Desk Editor's Note private letter to a colleague

SkillGraph's main advance is closing a feedback loop so that skill improvements from failures directly reshape the collaboration graph via a Multimodal Graph Transformer.

read the letter

The paper's core idea is a closed feedback system where agent skills improve from task failures and those improvements immediately reshape how the agents communicate via a learned graph. The Multimodal Graph Transformer takes visual features, the query, and current skill embeddings to output a collaboration graph on the fly. The Skill Designer then analyzes mistakes to extract better reasoning patterns, stores them in a Skill Bank, and updates the embeddings so the graph predictor can use the new capabilities. What stands out is the joint optimization of structure and function in one loop, which goes beyond static topologies or fixed agent pools in earlier multi-agent work. The experiments test this across four different benchmarks, five standard MAS architectures, and four underlying models, showing steady gains. Having the code public lets others verify the implementation and run their own checks. The soft spots are mostly in the level of detail. The description gives the high-level flow but leaves the exact distillation process and how skill embeddings are encoded a bit vague. It is not clear how they prevent the feedback from amplifying errors or how they choose which failures to distill from. That said, the multi-setting results suggest the approach is stable enough in practice, and no internal contradictions appear in the claims or setup. This work is aimed at researchers building visual multi-agent systems who need more flexibility than hand-designed routing. Someone looking for ideas on self-adaptive collaboration would find the framework and the evaluation useful. It is not a foundational theory paper but an engineering contribution with empirical backing. I would recommend sending it for peer review. The combination of a novel loop, wide testing, and open code makes it worth referees' time even if some sections need more explanation.

Referee Report

0 major / 2 minor

Summary. The paper introduces SkillGraph, a joint framework for evolving both agent expertise and communication topology in Visual Multiagent Systems (VMAS). It uses a Multimodal Graph Transformer (MMGT) to encode visual tokens, instruction semantics, and active skill embeddings to predict query-conditioned collaboration graphs, replacing fixed topologies with dynamic, content-aware routing. A Skill Designer distills reasoning heuristics from failure cases to build and update a multimodal Skill Bank, with updated skill embeddings fed back into the MMGT to enable co-evolution of capabilities and structure. Experiments report consistent improvements across four benchmarks, five common MAS structures, and four base models, with code released.
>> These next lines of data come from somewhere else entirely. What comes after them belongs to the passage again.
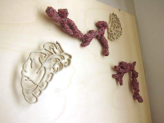 details of the four walls, various materials: ceramics, copper, zinc, bronze, textile and porcelain
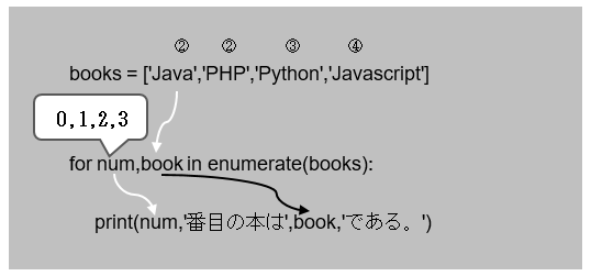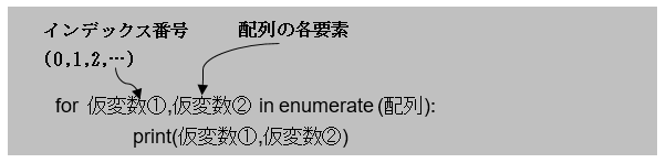 - enumerate関数は配列を引数に従え、for文を介してインデックス番号と各要素の値を取り出すことができる。
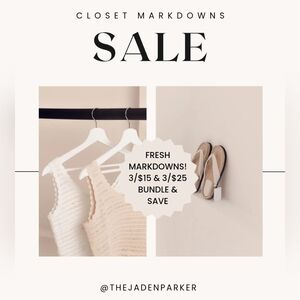 Fresh closet markdowns. Many items are 3 for $15 or 3 for $25.
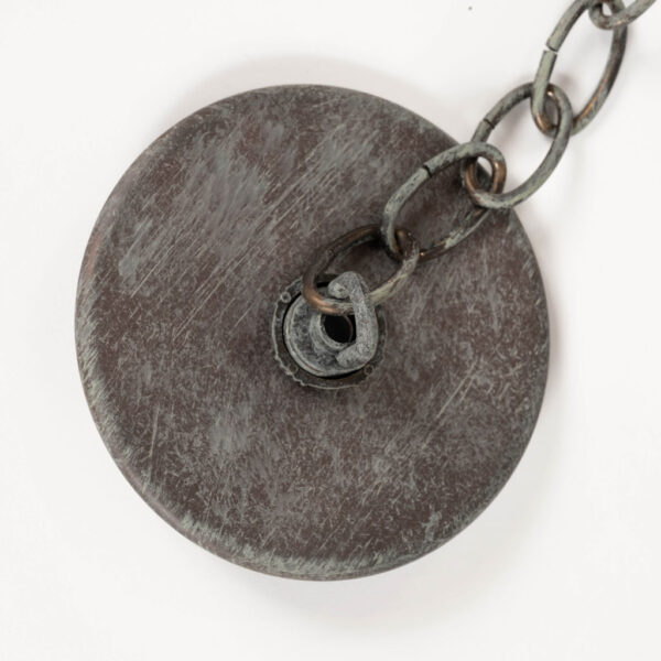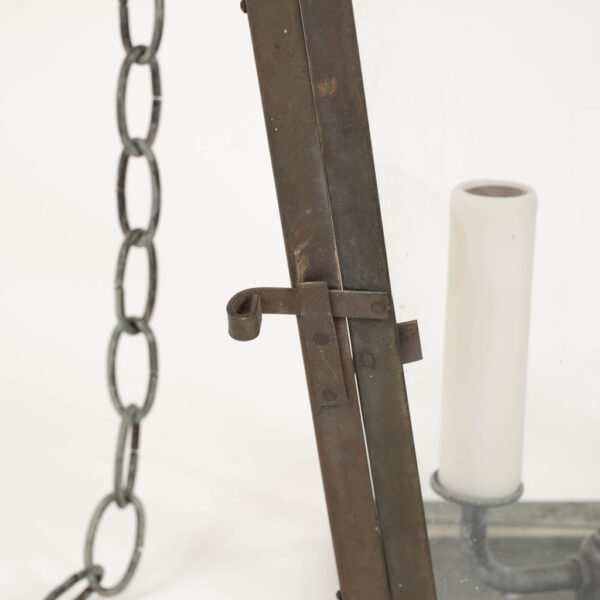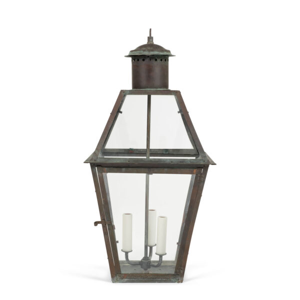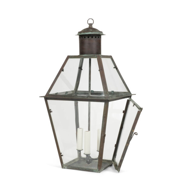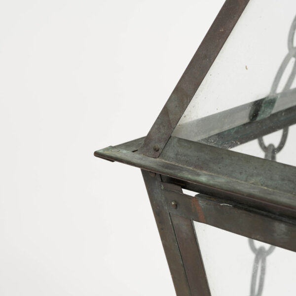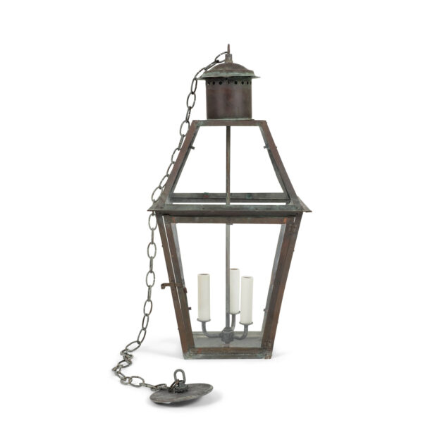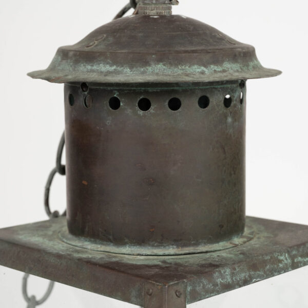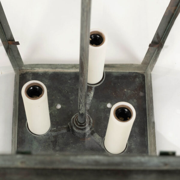 French glass-paneled verdigris-green and copper lantern circa 1870-1909. Natural green patina on copper – not forced. Glass panels replaced – not original. Newly wired for use within the USA using UL listed parts. Three-drop cluster with three candelabra-sized sockets. Four feet of chain (listed dimensions do not include chain) and a canopy.
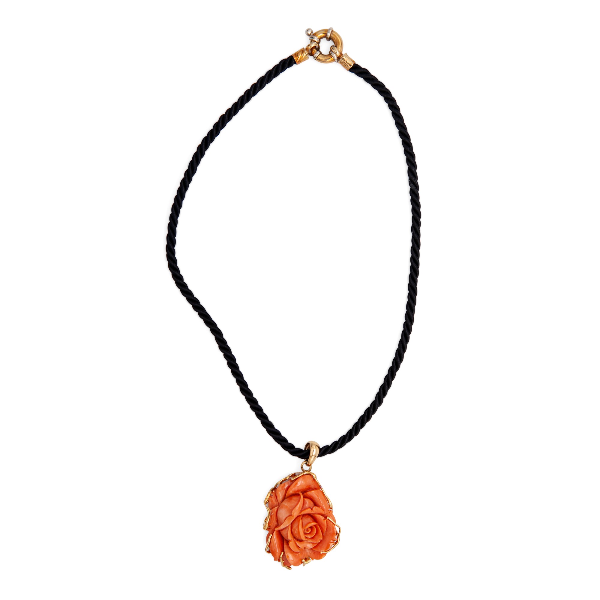 Oro giallo 750/000, corallo cerasuolo scolpito in tema floreale.
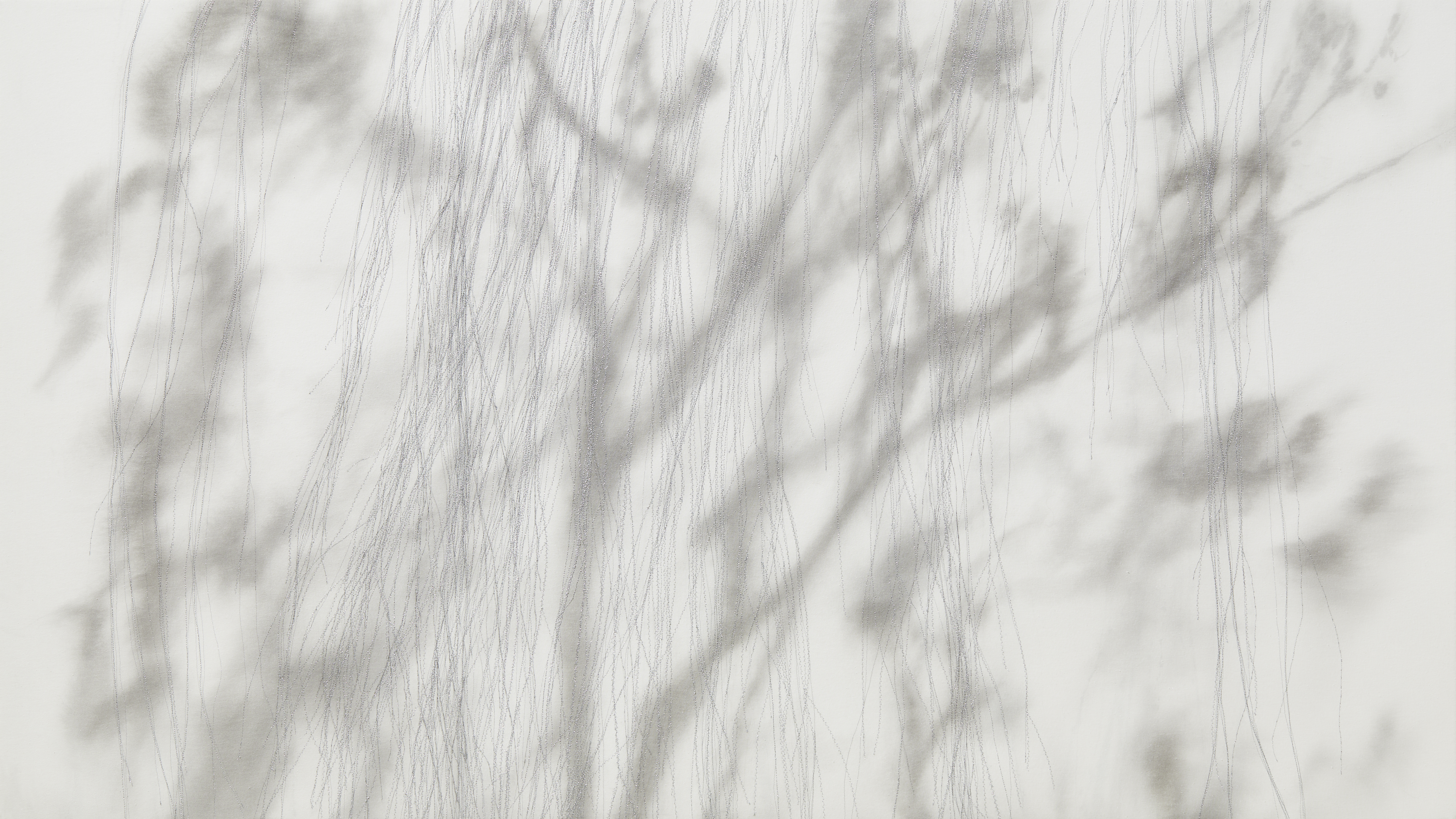 <Rain or Shine> sewing and ink on fabric, 107x380cm, 2019
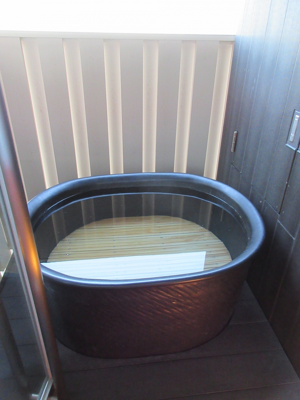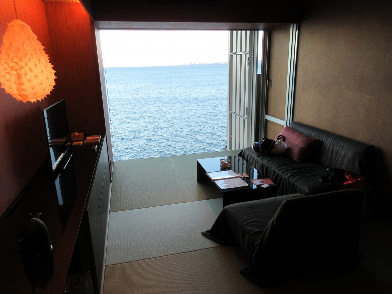 今回泊まった部屋は、ベッドと小上がりがあり、小上がり部分には布団を敷いて寝ることもできました。バスルームは一般的なビジネスホテル並みの広さでした。
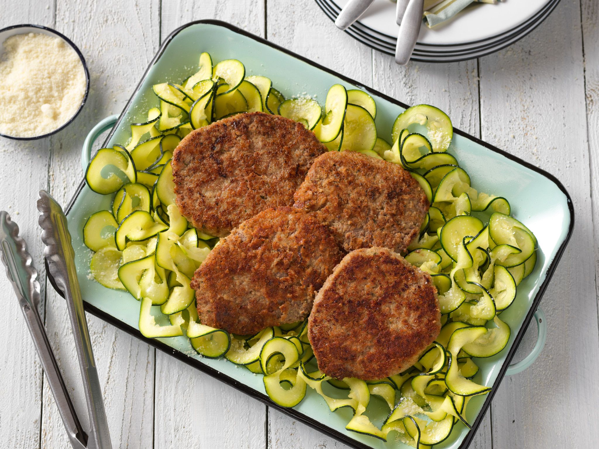 A Parmesan cheese and bread crumb coating give these Cubed Steaks a familiar crunch, while beautiful zucchini ribbons provide a fresh side dish.
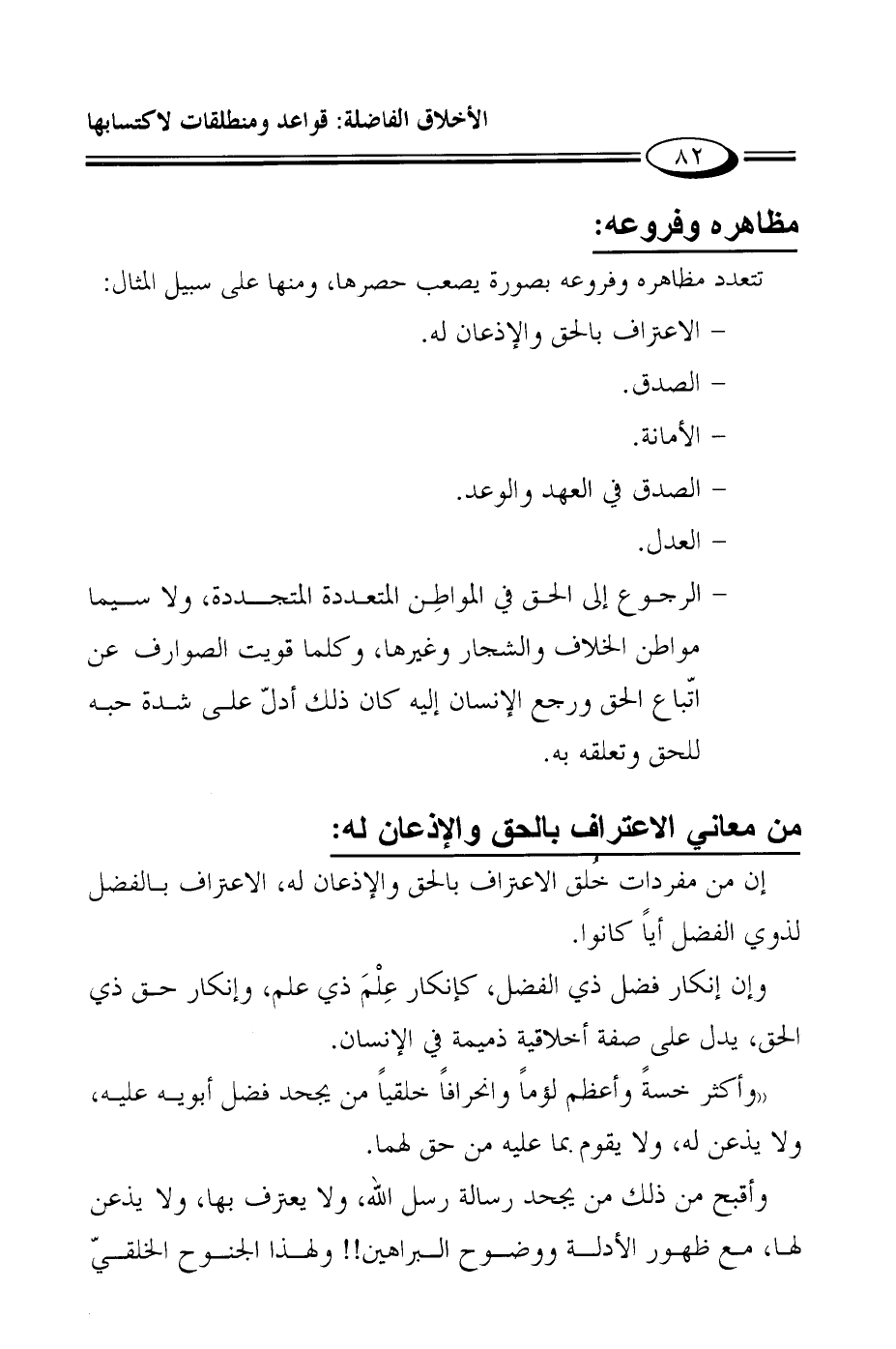 إن من مفردات خُلق الاعتراف بالحق والإذعان له، الاعتراف بالفضل لذوي الفضل أياً كانوا.
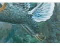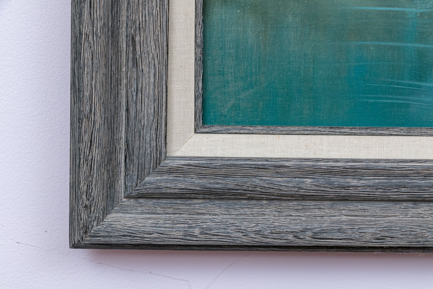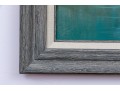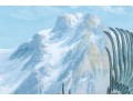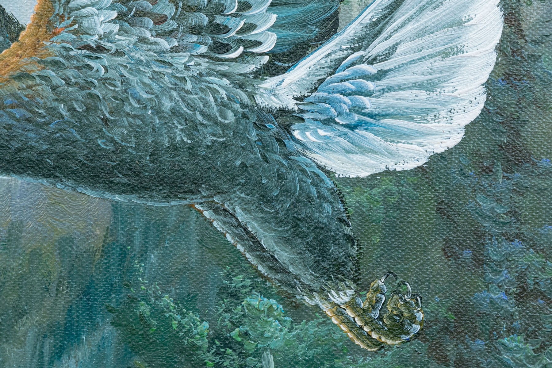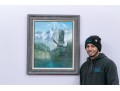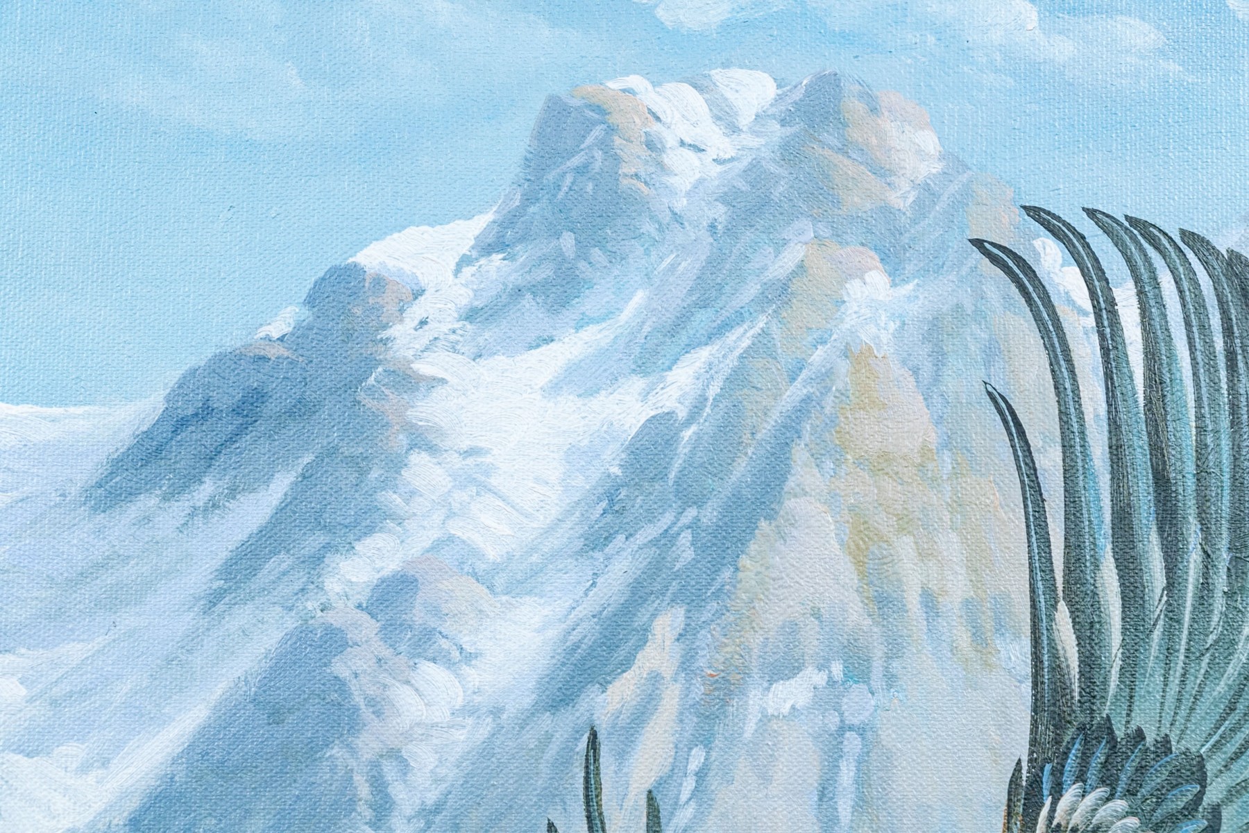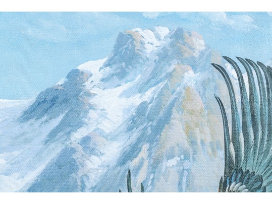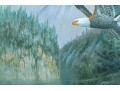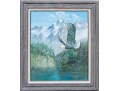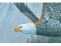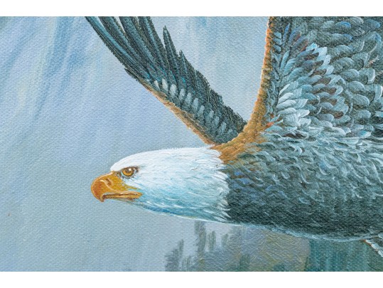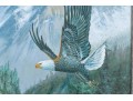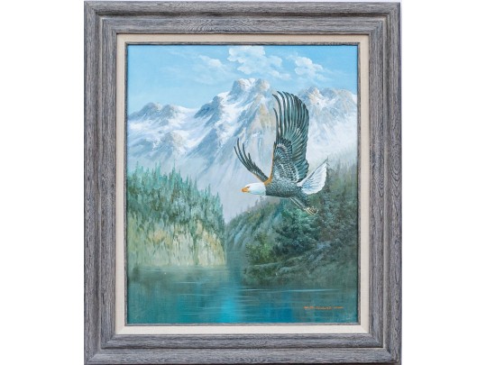 This is a truly patriotic painting depicting a fabulous eagle flying over calm waters with snow capped mountains in the background. The whole in a nice wooden and linen filet frame.

Significance. If the empirical results hold under detailed scrutiny, SkillGraph offers a meaningful advance in adaptive multi-agent visual reasoning by directly addressing the coupling between rigid topologies and static agent abilities. The multi-setting evaluation (benchmarks, structures, base models) and code release are clear strengths that support reproducibility and generalizability claims.

minor comments (2)

The abstract would be strengthened by including at least one key quantitative result (e.g., average improvement or specific benchmark scores) to better substantiate the claim of consistent gains.
Clarify in the method description how the Skill Bank embeddings are precisely integrated into the MMGT input (e.g., via concatenation, attention, or a dedicated module) to avoid ambiguity in the feedback loop.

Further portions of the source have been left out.